» **TASK REQUIREMENTS**
Quote all of the data exactly as given. Skip every picture it contains.

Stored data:
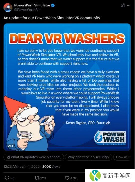 因此FuturLab的VR团队现已重新部署到“其他项目/角色”上。Rigden总结道:“虽然我希望生活在一个可以在所有平台上支持《冲就完事模拟器》的世界里,但我会始终为我的团队选择工作保障。每一次。虽然我知道你一定非常失望,但我也知道,如果你处于我的位置,你也会做出同样的决定。”
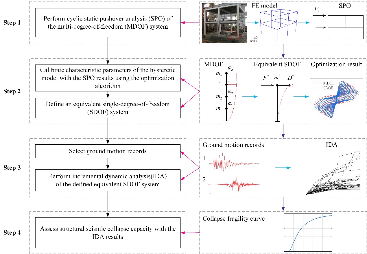 提出了一種結構抗倒塌能力高效評估方法(圖1)。該方法主要包括以下四個步驟:首先對多自由度結構建立有限元模型進行靜力往復推覆分析并得到其等效單自由度體系;其次采用優化算法校準單自由度體系骨架曲線和滯回特征參數;然后對等效單自由度體系進行增量動力分析;最后得到結構倒塌易損性曲線并評估結構抗倒塌能力。分別對RC純框架結構、鋼框架結構和RC填充墻框架結構進行抗倒塌能力評估,并與傳統抗倒塌能力評估方法計算結果對比,驗證和表明了本文所提方法的有效性和高效性。
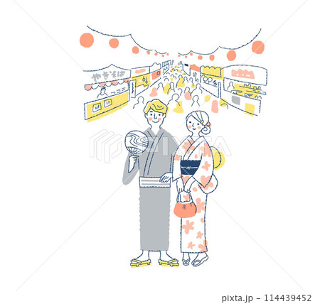 祭りの夜店と浴衣姿の若いカップル
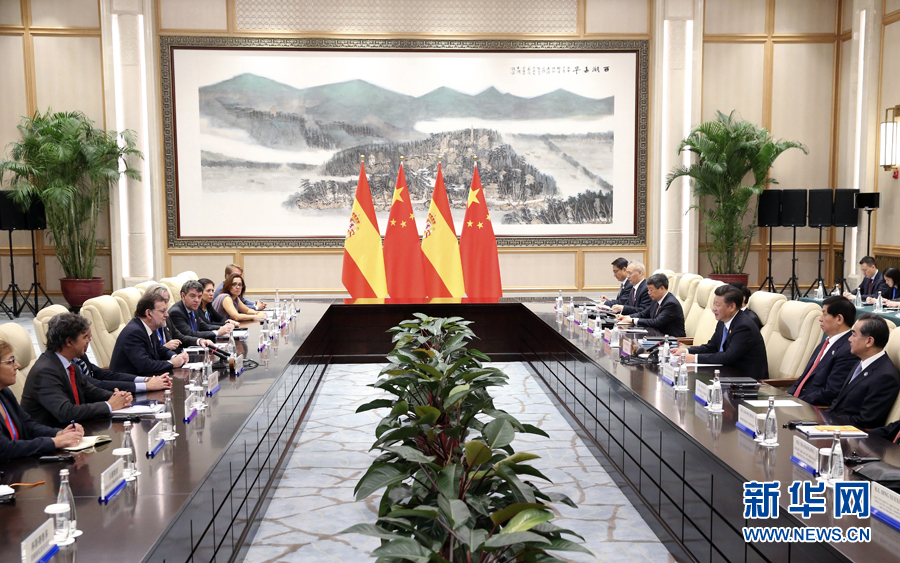 新華社杭州9月5日電(記者楊依軍、段菁菁)國(guó)家主席習(xí)近平5日在杭州會(huì)見(jiàn)前來(lái)出席二十國(guó)集團(tuán)領(lǐng)導(dǎo)人峰會(huì)的西班牙首相拉霍伊。
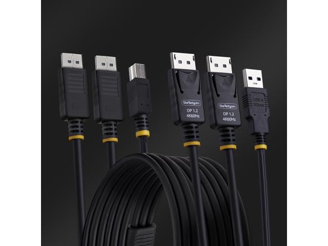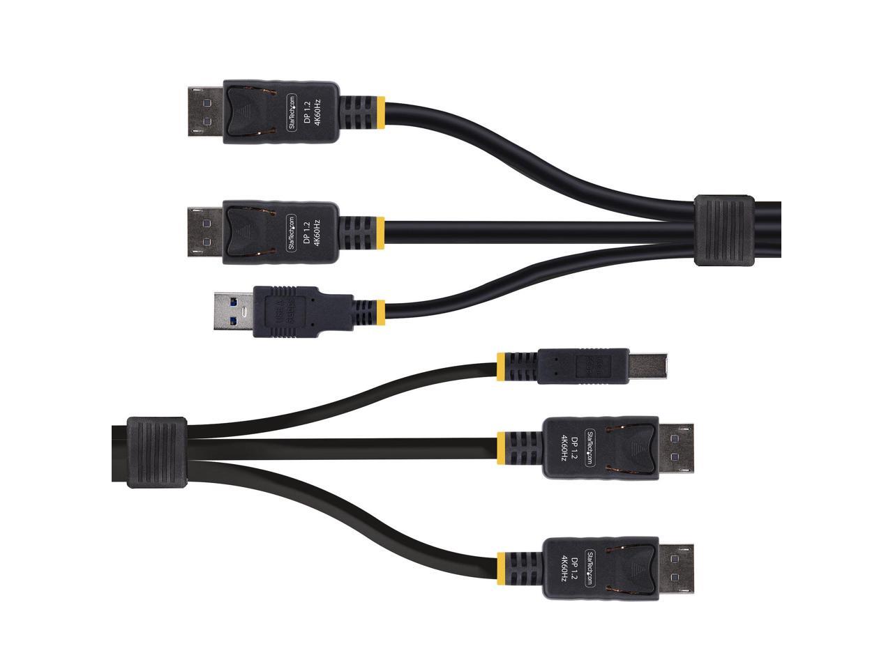 - KVM cable connects a computer to a Dual-Monitor Displayport KVM Switch that features USB 5Gbps; Simplifies setup by integrating the cables into a single bundle reducing the number of individual cables that need to be managed; DP 1.2 up to 4K 60Hz
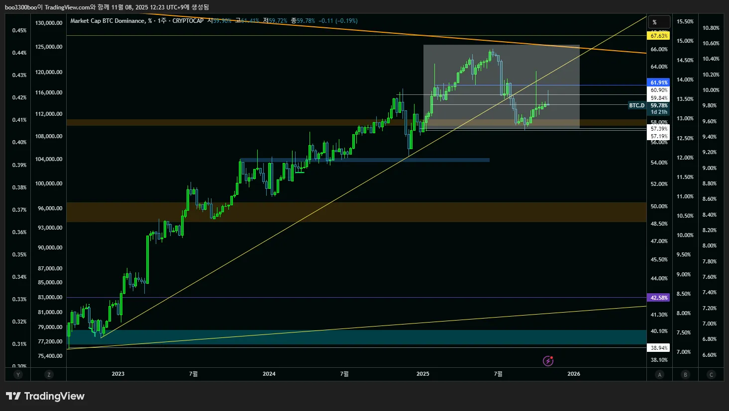 이마저도 깨질경우 곧 본격적으로 도미넌스가 하락하며 알트불장이 올 것이며,
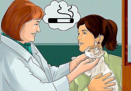 Reduce your cat’s exposure to triggers. If your cat is diagnosed with chronic bronchitis, you should take efforts to reduce its exposure to any allergens that might trigger its respiratory problems. Keep your cat indoors and stop smoking around it. You should also observe and eliminate any particular conditions that worsen symptoms. For example, if you observe your cat coughing or wheezing in a certain room of the house, restrict its access to that room. If you notice a perfume or air freshener triggers its bronchitis, stop using that product. Cat litter can be another trigger. If you think the cat's litter is causing the problem, try buying another brand.
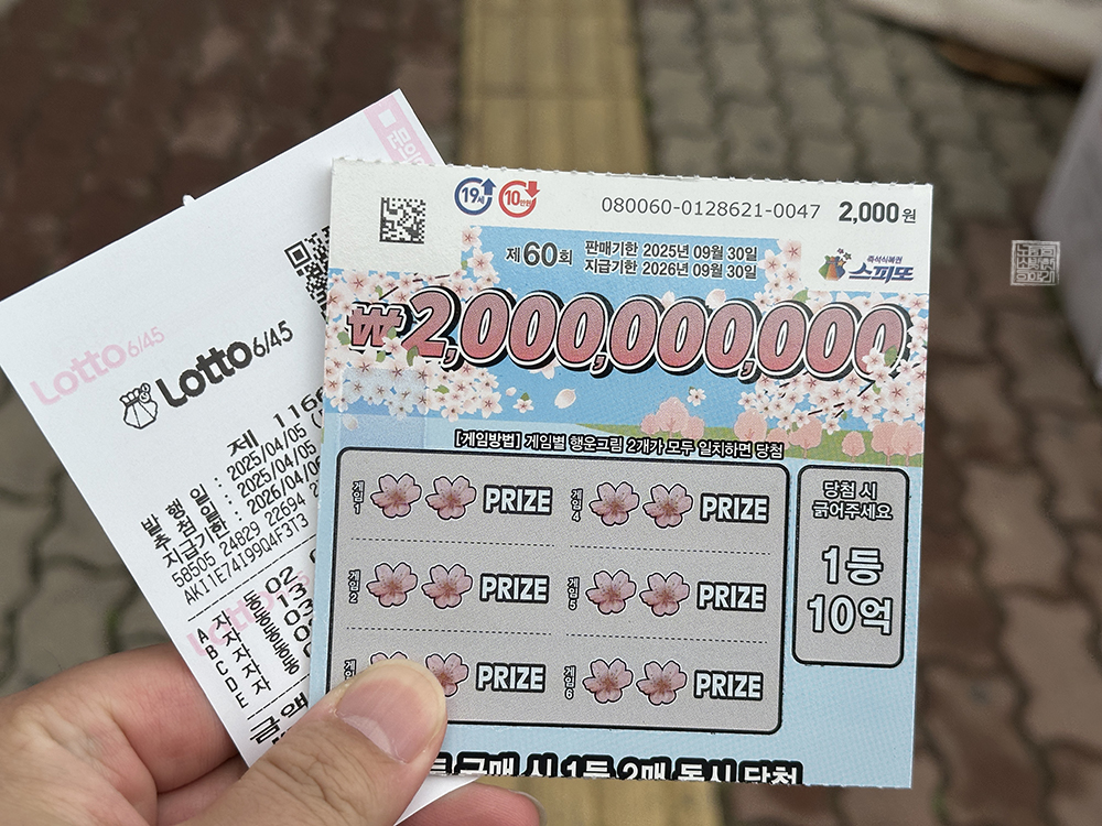 밑바닥 인생은 늘 밑바닥에서 살아가는 것이 당연하다고 세상이 말하는 건지 몰라도 참 당첨이 쉽지 않다. 그래도 밑바닥 인생을 열심히 살아가면서 복권 당첨이라는 옅은 희망을 품고 살아가는 게 한 줌의 즐거움이라고 생각한다. 애초에 복권을 구매하지 않으면 복권에 당첨되는 일도 없기에, 꾸준히 복권을 구매하는 것도 제법 필요했다.

» **RESPONSE AREA**
 因此FuturLab的VR团队现已重新部署到“其他项目/角色”上。Rigden总结道:“虽然我希望生活在一个可以在所有平台上支持《冲就完事模拟器》的世界里,但我会始终为我的团队选择工作保障。每一次。虽然我知道你一定非常失望,但我也知道,如果你处于我的位置,你也会做出同样的决定。”
 提出了一種結構抗倒塌能力高效評估方法(圖1)。該方法主要包括以下四個步驟:首先對多自由度結構建立有限元模型進行靜力往復推覆分析并得到其等效單自由度體系;其次采用優化算法校準單自由度體系骨架曲線和滯回特征參數;然后對等效單自由度體系進行增量動力分析;最后得到結構倒塌易損性曲線并評估結構抗倒塌能力。分別對RC純框架結構、鋼框架結構和RC填充墻框架結構進行抗倒塌能力評估,并與傳統抗倒塌能力評估方法計算結果對比,驗證和表明了本文所提方法的有效性和高效性。
 祭りの夜店と浴衣姿の若いカップル
 新華社杭州9月5日電(記者楊依軍、段菁菁)國(guó)家主席習(xí)近平5日在杭州會(huì)見(jiàn)前來(lái)出席二十國(guó)集團(tuán)領(lǐng)導(dǎo)人峰會(huì)的西班牙首相拉霍伊。
 - KVM cable connects a computer to a Dual-Monitor Displayport KVM Switch that features USB 5Gbps; Simplifies setup by integrating the cables into a single bundle reducing the number of individual cables that need to be managed; DP 1.2 up to 4K 60Hz
 이마저도 깨질경우 곧 본격적으로 도미넌스가 하락하며 알트불장이 올 것이며,
 Reduce your cat’s exposure to triggers. If your cat is diagnosed with chronic bronchitis, you should take efforts to reduce its exposure to any allergens that might trigger its respiratory problems. Keep your cat indoors and stop smoking around it. You should also observe and eliminate any particular conditions that worsen symptoms. For example, if you observe your cat coughing or wheezing in a certain room of the house, restrict its access to that room. If you notice a perfume or air freshener triggers its bronchitis, stop using that product. Cat litter can be another trigger. If you think the cat's litter is causing the problem, try buying another brand.
 밑바닥 인생은 늘 밑바닥에서 살아가는 것이 당연하다고 세상이 말하는 건지 몰라도 참 당첨이 쉽지 않다. 그래도 밑바닥 인생을 열심히 살아가면서 복권 당첨이라는 옅은 희망을 품고 살아가는 게 한 줌의 즐거움이라고 생각한다. 애초에 복권을 구매하지 않으면 복권에 당첨되는 일도 없기에, 꾸준히 복권을 구매하는 것도 제법 필요했다.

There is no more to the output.